-- Records provided follows --

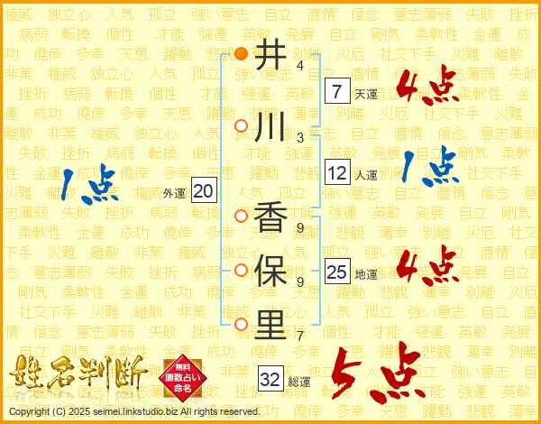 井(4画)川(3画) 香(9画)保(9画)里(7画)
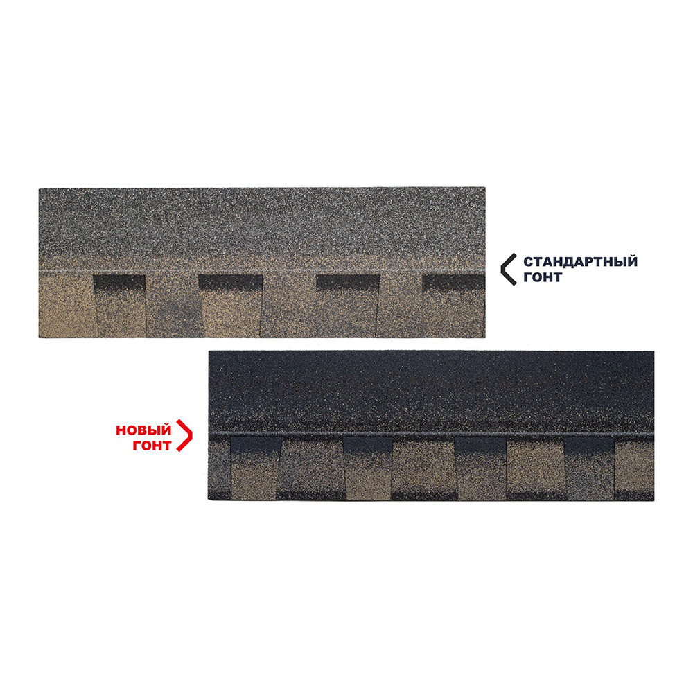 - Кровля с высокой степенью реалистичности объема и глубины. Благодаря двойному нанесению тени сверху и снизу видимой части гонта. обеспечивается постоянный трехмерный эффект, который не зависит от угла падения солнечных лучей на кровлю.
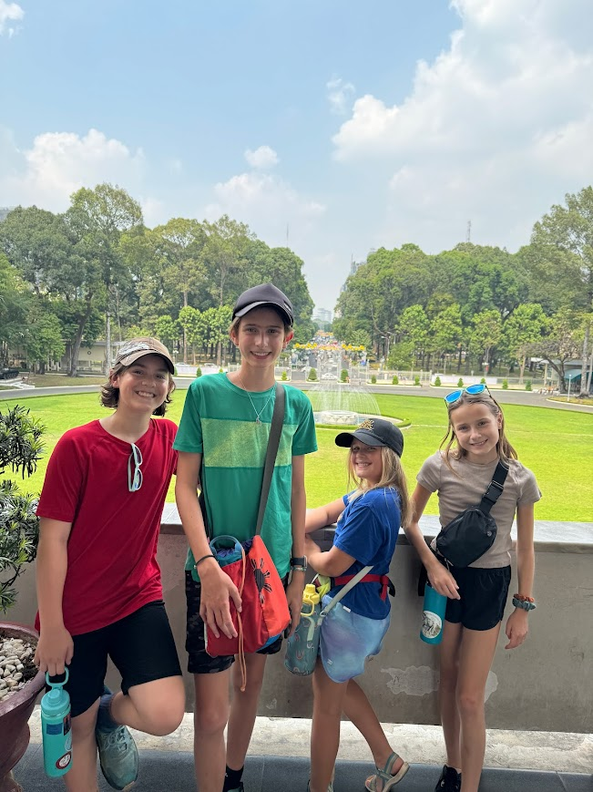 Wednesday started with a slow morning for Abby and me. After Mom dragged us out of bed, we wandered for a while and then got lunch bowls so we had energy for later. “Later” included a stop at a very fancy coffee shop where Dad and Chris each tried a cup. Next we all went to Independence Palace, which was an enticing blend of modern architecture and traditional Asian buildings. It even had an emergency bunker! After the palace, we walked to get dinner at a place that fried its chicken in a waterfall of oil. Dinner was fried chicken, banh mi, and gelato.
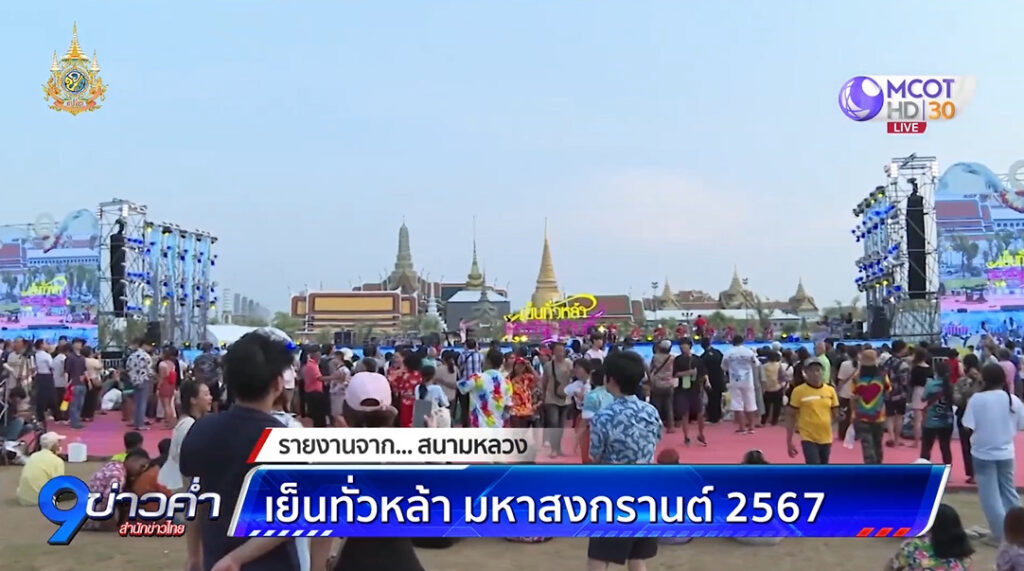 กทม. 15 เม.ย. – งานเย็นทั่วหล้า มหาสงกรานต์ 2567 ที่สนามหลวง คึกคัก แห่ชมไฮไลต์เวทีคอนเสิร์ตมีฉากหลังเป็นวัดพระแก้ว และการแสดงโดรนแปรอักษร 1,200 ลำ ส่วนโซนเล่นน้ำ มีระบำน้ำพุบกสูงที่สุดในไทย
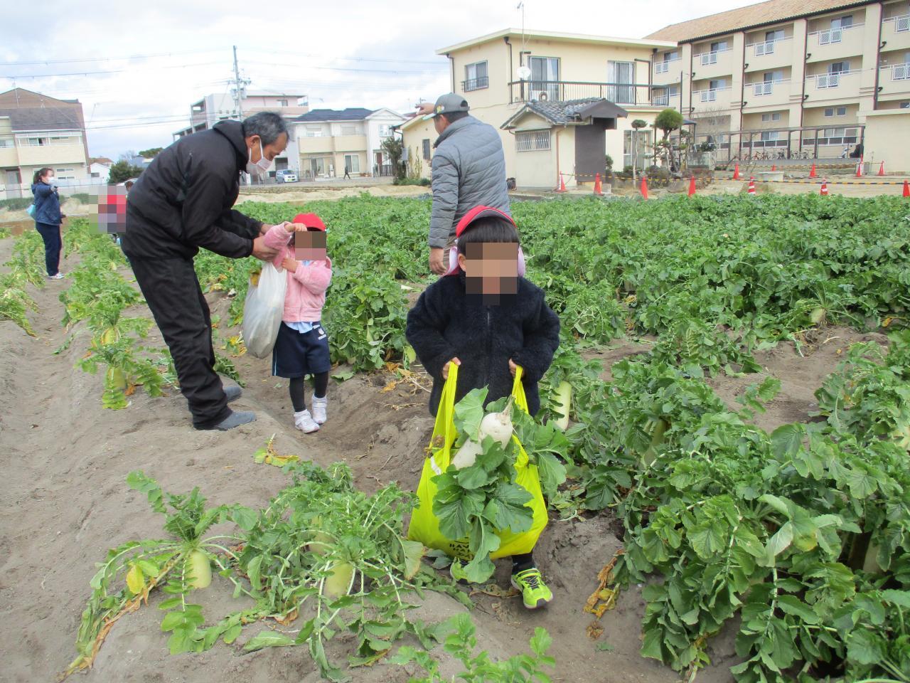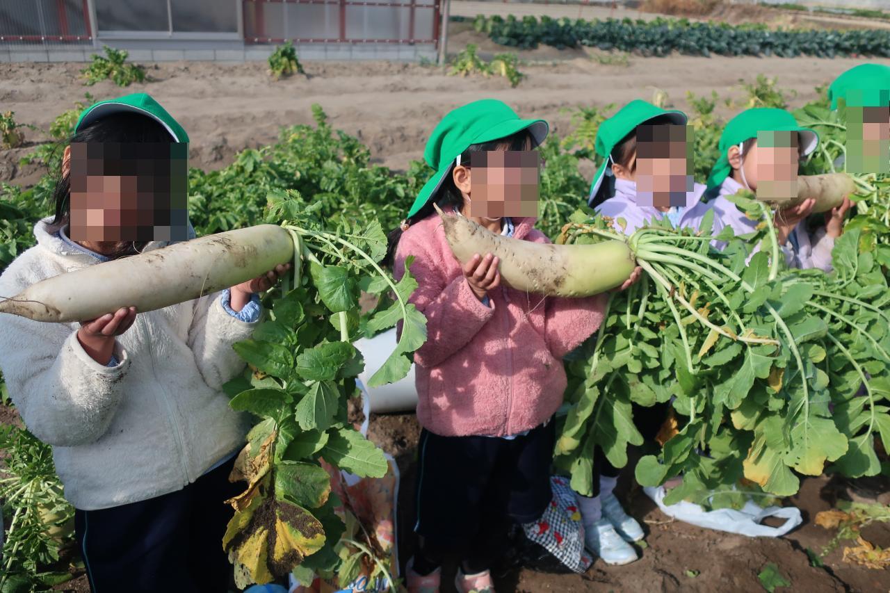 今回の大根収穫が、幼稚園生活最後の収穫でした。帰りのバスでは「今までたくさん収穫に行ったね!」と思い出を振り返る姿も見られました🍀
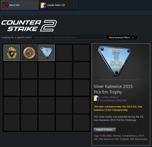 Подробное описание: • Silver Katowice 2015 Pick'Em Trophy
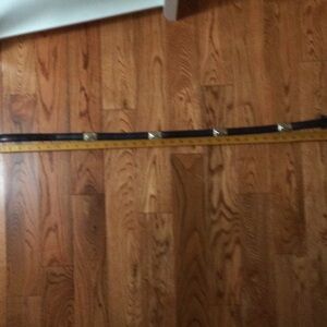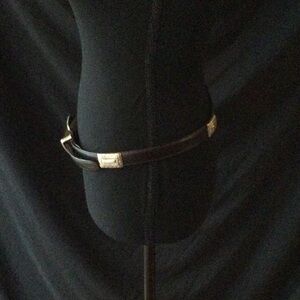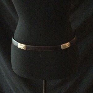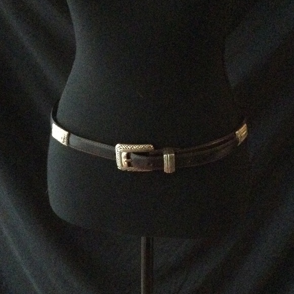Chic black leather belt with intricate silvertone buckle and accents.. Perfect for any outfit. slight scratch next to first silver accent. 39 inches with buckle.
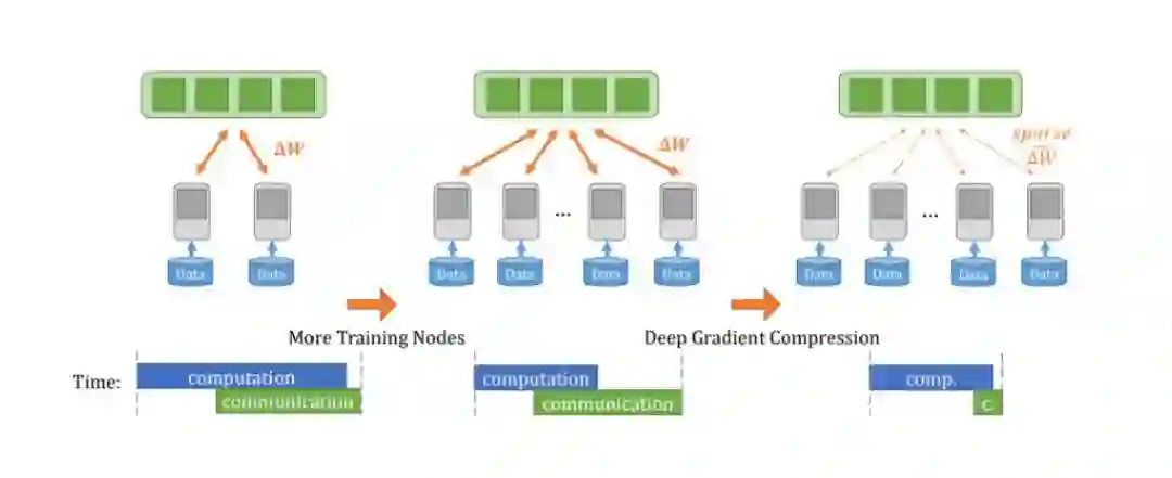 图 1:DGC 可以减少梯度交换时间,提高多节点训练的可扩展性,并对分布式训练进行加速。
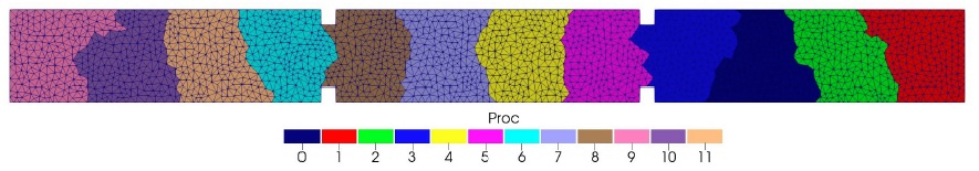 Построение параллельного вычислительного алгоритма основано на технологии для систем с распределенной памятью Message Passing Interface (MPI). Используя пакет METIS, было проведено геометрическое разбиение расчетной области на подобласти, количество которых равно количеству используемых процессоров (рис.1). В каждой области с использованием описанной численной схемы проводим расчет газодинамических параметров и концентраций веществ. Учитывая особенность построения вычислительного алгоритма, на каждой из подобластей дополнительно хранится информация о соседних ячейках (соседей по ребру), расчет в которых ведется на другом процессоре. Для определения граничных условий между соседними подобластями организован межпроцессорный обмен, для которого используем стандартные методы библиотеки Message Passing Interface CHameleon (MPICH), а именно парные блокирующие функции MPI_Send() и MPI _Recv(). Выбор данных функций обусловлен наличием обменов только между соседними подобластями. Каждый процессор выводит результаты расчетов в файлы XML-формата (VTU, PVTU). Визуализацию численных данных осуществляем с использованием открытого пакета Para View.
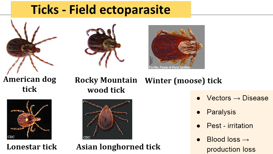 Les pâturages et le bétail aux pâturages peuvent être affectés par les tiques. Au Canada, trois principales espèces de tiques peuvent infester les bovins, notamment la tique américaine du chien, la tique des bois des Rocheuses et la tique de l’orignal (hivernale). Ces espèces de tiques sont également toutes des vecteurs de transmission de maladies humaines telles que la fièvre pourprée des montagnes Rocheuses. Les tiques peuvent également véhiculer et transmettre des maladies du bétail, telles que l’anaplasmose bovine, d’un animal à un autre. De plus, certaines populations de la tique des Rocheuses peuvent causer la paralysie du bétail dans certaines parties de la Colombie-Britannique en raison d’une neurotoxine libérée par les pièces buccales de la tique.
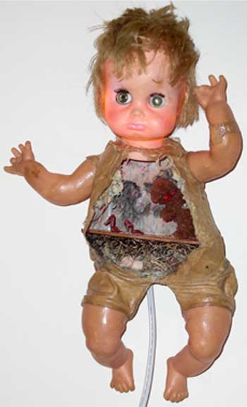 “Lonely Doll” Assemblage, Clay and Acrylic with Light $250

-- Records provided concluded --

(About this exercise) Take the material above from the line bearing "今回の大根収穫が、幼稚園生活" through the line bearing "Подробное описание: •" and write it out exactly, both end lines included. Pictures stay out.

(Reply to the task)
 今回の大根収穫が、幼稚園生活最後の収穫でした。帰りのバスでは「今までたくさん収穫に行ったね!」と思い出を振り返る姿も見られました🍀
 Подробное описание: • Silver Katowice 2015 Pick'Em Trophy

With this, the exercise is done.